Our reunion was short as the plane landed and he continued on his journey home.  This rare encounter shall forever be one that filled my heart with compassion placing me on holy ground.

                              Time to put earbuds in and select a playlist……

Rarely do I know what I will paint and what the finished piece will look like, I take this memory and my love of flying and let the process begin.

 Standing at the easel I swipe the you-tube app and begin to listen to “Leaving on a Jet Plane” by Peter, Paul and Mary:   https://youtu.be/Qc-7SnMnX78 .

Such freedom I feel when flying on a jet plane.  This accidental artist begins mixing colors and choosing the brushes and the palette knife, I move the paint covered brush across the canvas like a dancer gliding across the floor, interpreting the music.

All these memories of flying take over and the painting reveals my soul of how free I feel and how blessed and thankful for all the years that jet airplanes took me into flight to…  Beautiful and faraway places to many to name.

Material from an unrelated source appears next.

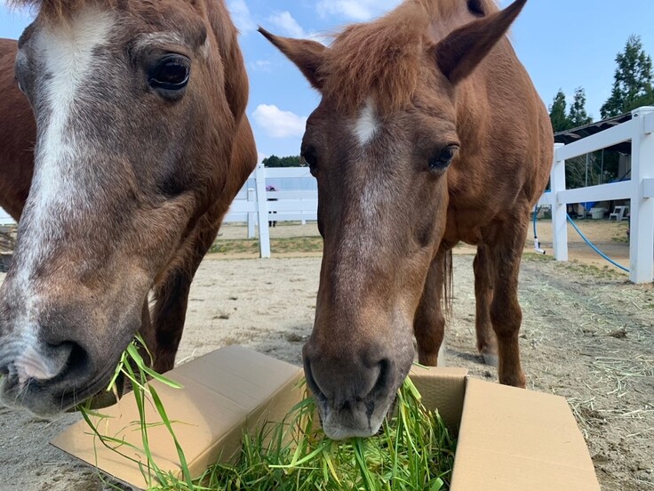 その為、アヴニールファームでは、親子2頭が常に近くにいるような環境を心がけ、飼養しております。体験乗馬などで、スモモちゃんがお仕事の場合は、仕事の無いデールも一緒についていきます。そうする事で、2頭は安心し仕事に集中できるからです。

Even though my wings are clipped and I no longer stand at an airplane door greeting passenger/customers, the freedom of flight never completely escapes me.

As my playlist changes, this song begins “I Will Lift You Up on Eagles Wings” https://youtu.be/4rRea9qnjK4 .  I am reminded of one of my favorite scriptures….

“The Lord is the everlasting God, the creator of the ends of the earth.  He will not grow tired or weary and his understanding no one can fathom.  He gives strength to the weary and increases the power of the weak. Even youths grow tired and weary, and young men stumble and fall;  but those who hope in the Lord will renew their strength.  They will soar on wings like eagles; they will run and not grow weary, they will walk and not be faint.”    Isaiah 40: 28-31

Be free to fly with the wind lifting you to higher thoughts.   Be the incredible, amazing , gifted you.   You are unique.  Your fingerprints, your voice and your DNA is yours alone. 

With a grateful heart I thank everyone who has crossed my path on a jet plane or anywhere else for your presence is a gift I treasure.

Blessings,

Martha

 

PS   I find it interesting that somehow I was hired as a Delta Stewardess/ Flight Attendant and wore the wings for almost 36 years;  During the 1960’s and the present the experts say:  It is easier to get into Harvard than to be hired as a Delta Flight Attendant…..flying high was a dream that came true and changed my world forever…..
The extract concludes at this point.